I think the zeitgeist may have just crested the wave of all-absorbing parenting, turning over to something more sanely balanced. I hope so, anyway. In January, Jill Lepore wrote in the New Yorker a great history of the breast pump, concluding that breast-pumps get promoted while the harder policies of flexible work and decent parental leave get ignored. Then this week, Judith Warner wrote in the New York Times the “heresy” that breast-pumps are over-rated, and a little formula once in a while will liberate mom without destroying baby. Hanna Rosin upped the ante, writing in The Atlantic The Case Against Breastfeeding.
Maybe that’s not a trend; maybe it’s just seeming like a trend because my facebook friends keep forwarding it.
But I for one am happy to see the general parenting-trend swing away from the obsessive, guilt-inducing, mother’s-needs-ignoring tenets of attachment parenting. Attachment parenting is a philosophy that seems liberal (always go to your child when she cries) but ends up being conservative (women should ignore their own needs for the sake of their children).

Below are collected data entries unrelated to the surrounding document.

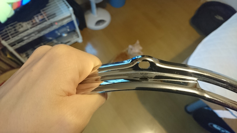 This morning before I left for work I grabbed the hoops and a tape measure to 1, make sure they're flat and in-round. No problems there. And 2, to check the spacing between the holes. As I said, they're for a 14" drum, and the spacing center-to-center between any opposite holes is 37.75cm. I also compared the nearest 14" hoop I had from a different maker (Gretsch), and the spacing there was around 38.25cm. So a half a centimeter difference, give or take. Or a little over 3/16".
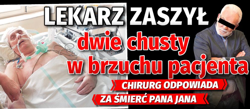Do tej strasznej pomyłki doszło w 2012 r. Dopiero po pewnym czasie zorientowano się, że w ciele mężczyzny są zaszyte ciała obce. Blisko rok po feralnym zabiegu Ireneusz N. znowu trafił na stół operacyjny, bo chusty trzeba było wyciągnąć. Kilka tygodni później mężczyzna zmarł.
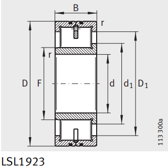 Low friction cylindrical roller bearings LSL and ZSL are of a single row, self-retaining design and correspond to dimension series 23. The bearings have solid outer rings with two ribs, the inner rings are designed with one rib. The inner ring is removable and thus allows easier mounting of the bearings. The disc cages or spacers prevent the cylindrical rollers from coming into contact with each other during rolling.Cylindrical roller bearings NJ23..-E and spherical roller bearings 223..-E1 have the same design envelope as LSL1923 and ZSL1923.
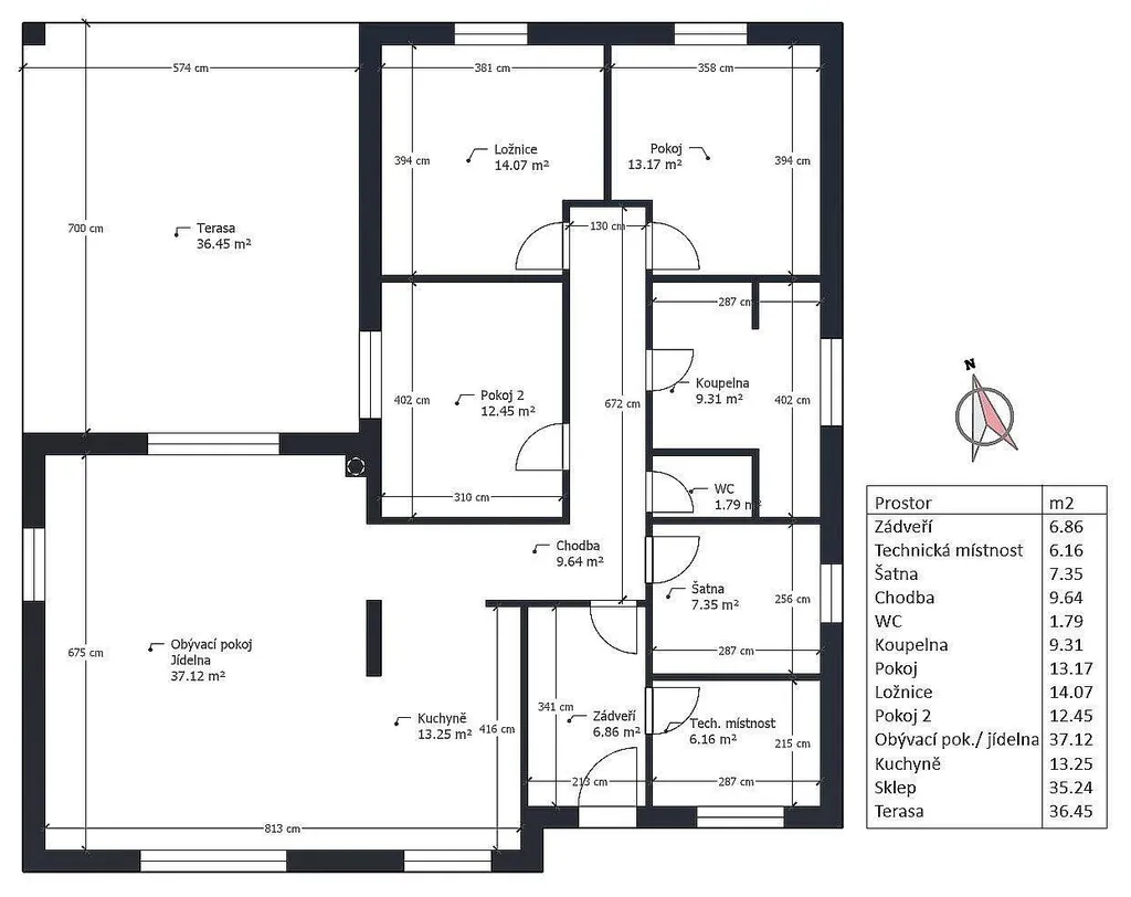 Dispozice domu obsahuje 3 samostatné pokoje, dominantní obývací pokoj (jak bylo uvedeno), technickou místnost, prostornou koupelnu s vanou i sprchovým koutem, samostatné WC a šatnu, ze které může být pracovna. A pro milovníky venkovního posezení jsou zde dvě terasy, jedna zastřešená a jedna nezastřešená obě s krásným výhledem na Pardubice a při dobré viditelnosti i mnohem dále. Díky umístění ve svahu je k dispozici sklep o výměře 35 m2.

These recent articles are about breast-feeding and breast-pumping, which is just one part of attachment parenting, but to me the reasoning in the articles leads to questioning much of the overly-baby-focussed, mom-ignoring recent trends, in which mothers assume their babies need constant stimulation and support, when actually babies sometimes need to be left alone. I don’t want to be misunderstood: I love my baby sling, but I also refuse to judge others who don’t love theirs, and I am trying to reject the guilt and pressure that gets piled on to motherhood.
Breastfeeding may increase a baby’s i.q. by a few nonconsequential points. It may do nothing. It certainly keeps moms physically tied to their baby’s sides, keeps parenting from being shared equally between mothers and fathers (especially at night, at least in our household), and keeps a few moms who can’t breastfeed feeling like failures.

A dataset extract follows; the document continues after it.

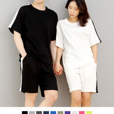 남녀공용 배색라인 무지 반팔 상하의 세트

I enjoyed breastfeeding, but we gave Sophie other foods at 4 months instead of the recommended 6 (she was just so hungry, and pumping was so hard, and honestly we didn’t realize that 6 months of exclusive breastmilk even is the recommendations). Then I stopped pumping around 12 months, even though I have only today stopped breastfeeding, at 23 months. (I’ll let you know how the weaning goes in another post. )

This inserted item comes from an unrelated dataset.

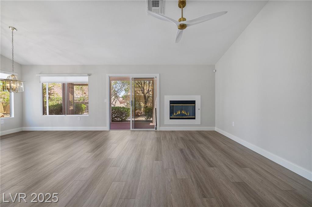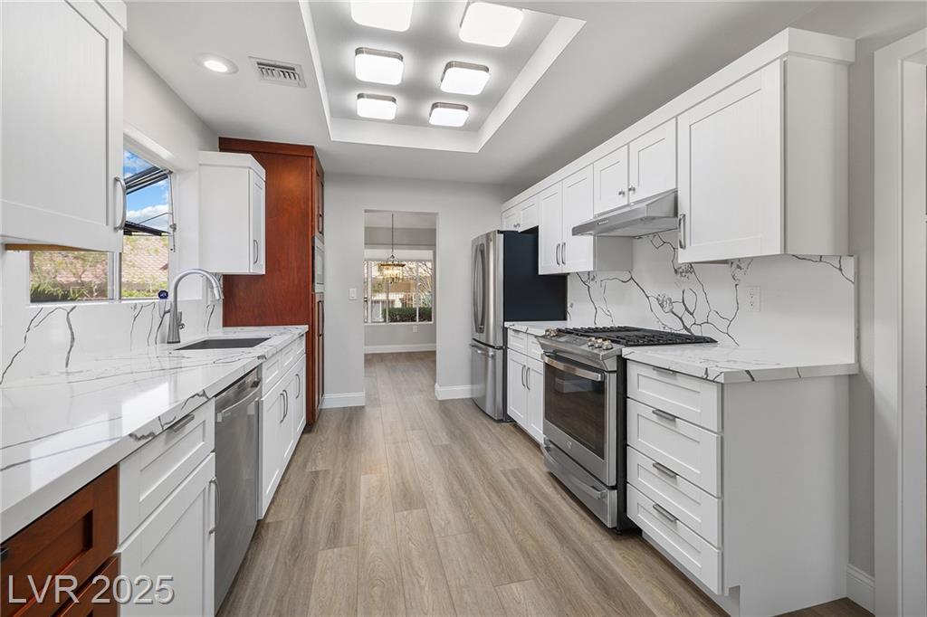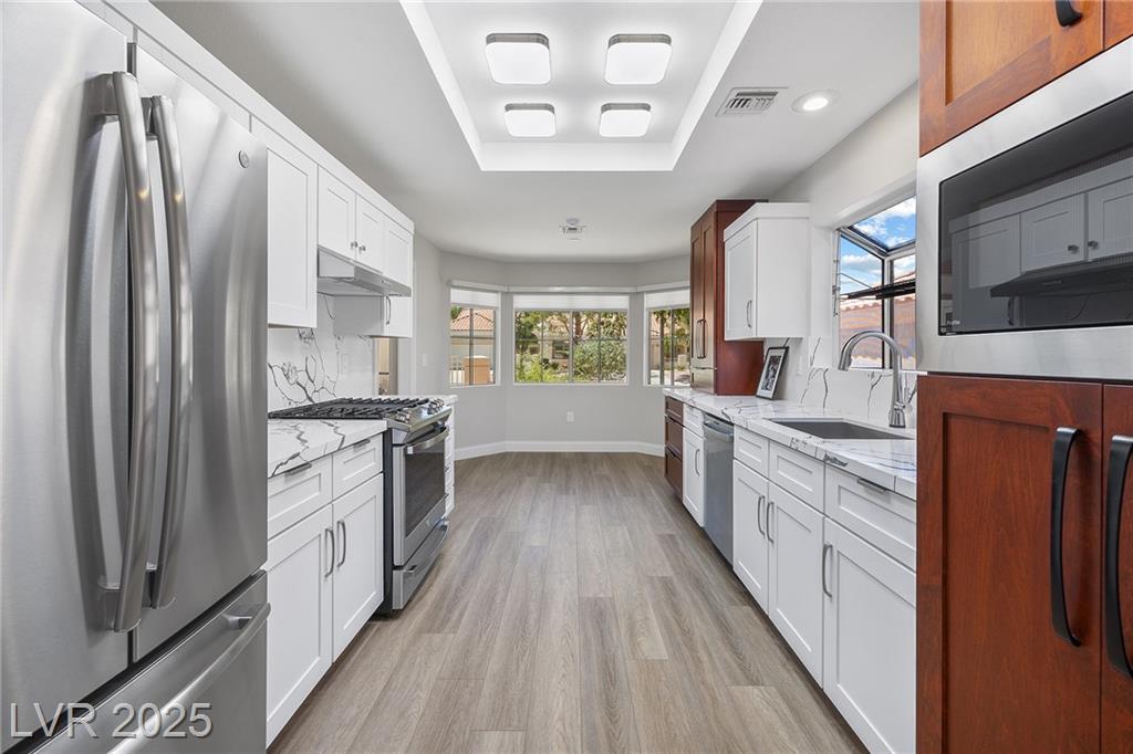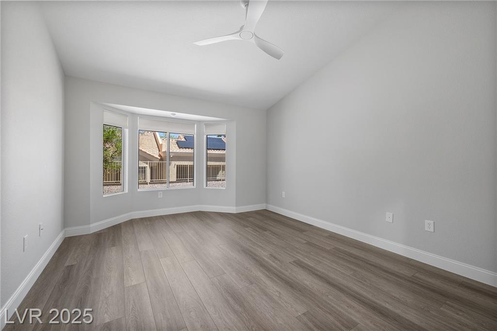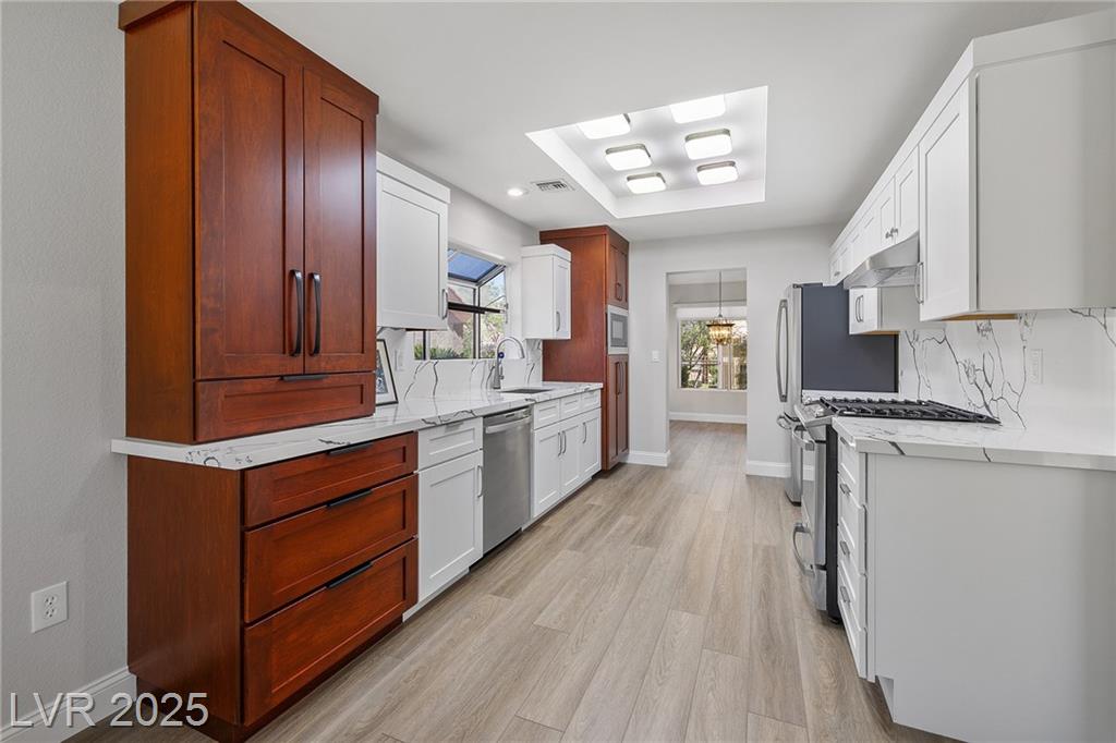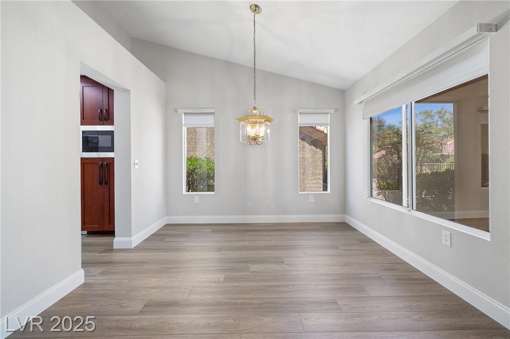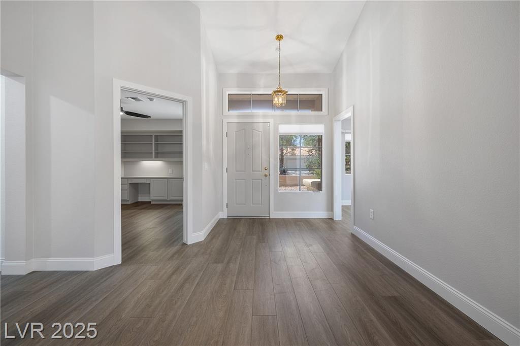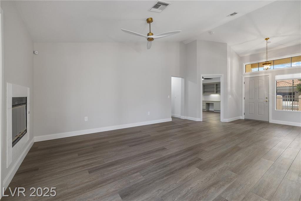 Freshly remodeled townhome in Sun City Summerlin ~ courtyard entry, 1359 SF, 2 bedrooms, 2 baths with an open main living area. Stylish neutral palate throughout ~ new paint, luxury vinyl plank flooring, baseboards and custom millwork touches truly set this home apart. Stunning kitchen with eating nook, custom two toned cabinetry, Quartz counters & SS appliances. Spacious living room features fireplace with custom surround and adjacent dining room with slider, providing views to the screened in back patio and backyard. Primary suite has vaulted ceiling, bay window, walk in closet with mirrored doors and en suite bath. Primary bath has dual sinks, updated shower with 3/4" glass front & Toto toilet. Second bedroom is currently used as an office/den & features a built in desk which can easily be converted back to a closet. AC replaced Dec 2022, remodel 2023, loads of storage in garage featuring cabinets, shelves and loft storage!

I’m no model for sane and balanced parenting. But I’m trying to be a good parent while still being good to myself — so I welcome the recent feminist articles about not pressuring every mother to do any one thing.
Next on my reading list: Amy Richard’s Opting In: Having a Child without Losing Yourself. As soon as I decide what else to fill up my amazon.com cart with in order to qualify for free shipping.